Everything in the table below the first row requires the corresponding callback to be passed to solve(). See Explainability for details on the explainability callbacks.


Checkpoint artifacts

When CheckpointCallback saves a checkpoint and a W&B run is active, it uploads the checkpoint directory as a versioned checkpoint artifact. The artifact metadata includes:

{
    "epoch": 500,
    "total_loss": 0.0023,
    "individual_losses": [0.0019, 0.0004],
    "checkpoint_dir": "/path/to/runs/checkpoints/500",
    "timestamp": 1717000000.0,
}
cb = jno.callbacks.checkpoint(
    directory=f"{dire}/checkpoints",
    save_interval_epochs=500,
    max_to_keep=3,
    best_fn=lambda m: m["total_loss"],
)
crux.solve(5000, callbacks=[cb])
cb.close()

Alerts

Send a W&B alert from anywhere in your script:

from jno.utils.config import wandb_alert

wandb_alert("NaN detected", f"Loss exploded at epoch {epoch}", level="WARN")

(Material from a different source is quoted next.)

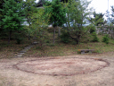 スクータを停めたところから入って行ったので,ちょっと境内の横の方から入りました。土俵とかもありますね! 岡山ではあまり見ません。

level is one of "INFO", "WARN", "ERROR". The call is a no-op when no W&B run is active.


Helper functions

jno.utils.config exposes three thin wrappers used internally; you can call them directly if you need fine-grained control:

from jno.utils.config import get_wandb_run, wandb_log, wandb_log_model

# Check whether a run is active
run = get_wandb_run()   # returns the wandb.Run or None

# Log arbitrary metrics at a specific step
wandb_log({"my_metric": 0.42}, step=1000)

# Upload a model as an artifact
wandb_log_model(my_pytree, name="best_model")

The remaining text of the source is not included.